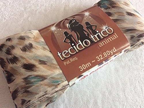 Circulo Tecido Trico Fabric Ruffling Scarf Yarn #2637 Leopard Print with Teal Accents
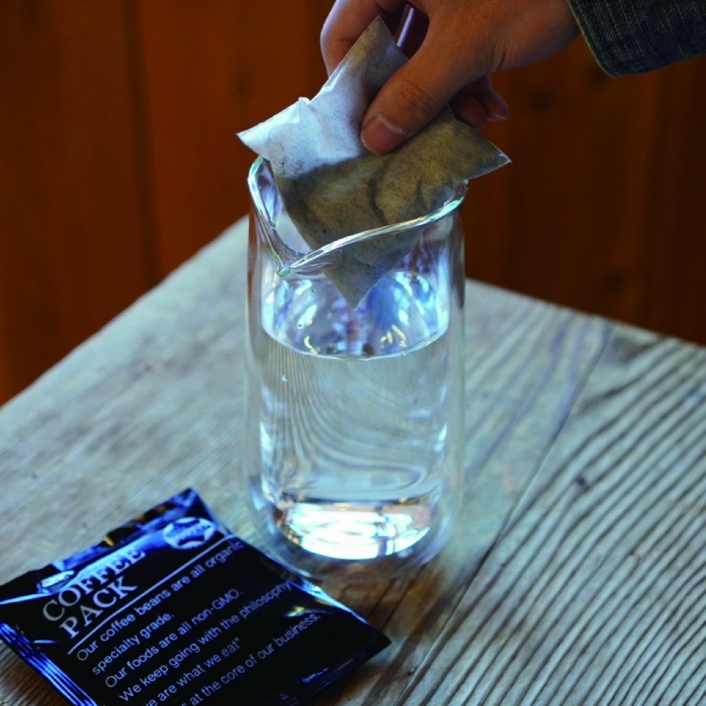 こちらのパックをお水やお湯に浸けるだけで美味しいコーヒーができあがる、コーヒーパックをご用意しました。
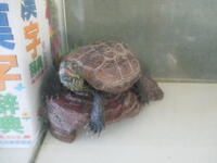 教室の後ろでは、カメが先生の説明や東っ子の発表を静かに聞いていました。
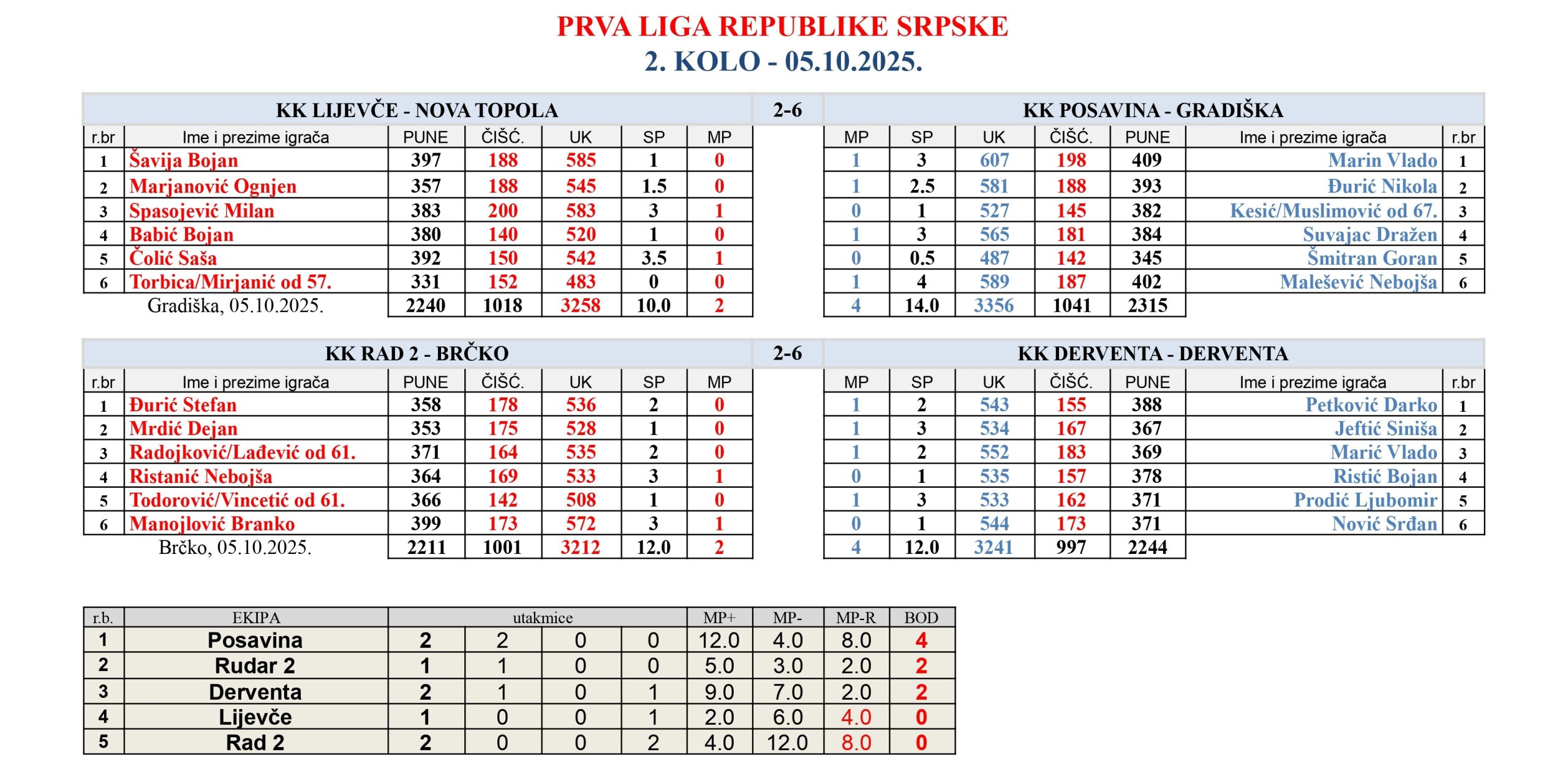 Rad 2 ima dva poraza (u nedelju od Dervente) i od Posavine. Najzanimljivija dešavanja će biti sa Prijedorskom ekipom koja igra sa gradiščancima u okviru petog kola a kolo prije Posavina ide u goste Derventi tako da će nam poslije 26. oktobra neke stvari biti jasnije.
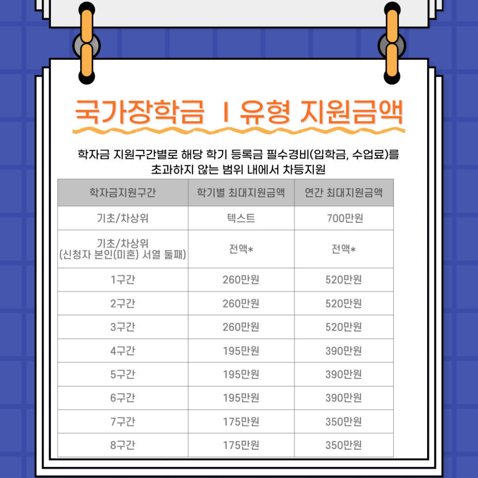 상기 이미지를 보시면 학자금 지원 구간별 학기별 최대 지원 금액과 연간 최대 지원금액이 나옵니다.
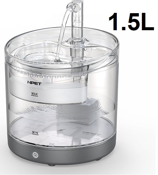 NPET WIRELESS cat water fountain - 1.5L - 4000mAh battery - Clear/silver (model: WF220)
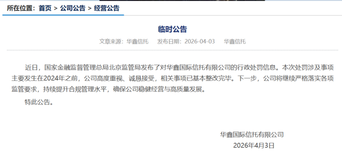 4月3日,华鑫信托在官网发布公告称,本次处罚涉及事项主要发生在2024年之前,公司高度重视、诚恳接受,相关事项已基本整改完毕。下一步,公司将继续严格落实各项监管要求,持续提升合规管理水平,确保公司稳健经营与高质量发展。

■ What needs to be done ■
Leave the pictures out and please restate exactly the lines running from the start of the material through the one with "상기 이미지를 보시면".

■ Your solution ■
 Circulo Tecido Trico Fabric Ruffling Scarf Yarn #2637 Leopard Print with Teal Accents
 こちらのパックをお水やお湯に浸けるだけで美味しいコーヒーができあがる、コーヒーパックをご用意しました。
 教室の後ろでは、カメが先生の説明や東っ子の発表を静かに聞いていました。
 Rad 2 ima dva poraza (u nedelju od Dervente) i od Posavine. Najzanimljivija dešavanja će biti sa Prijedorskom ekipom koja igra sa gradiščancima u okviru petog kola a kolo prije Posavina ide u goste Derventi tako da će nam poslije 26. oktobra neke stvari biti jasnije.
 상기 이미지를 보시면 학자금 지원 구간별 학기별 최대 지원 금액과 연간 최대 지원금액이 나옵니다.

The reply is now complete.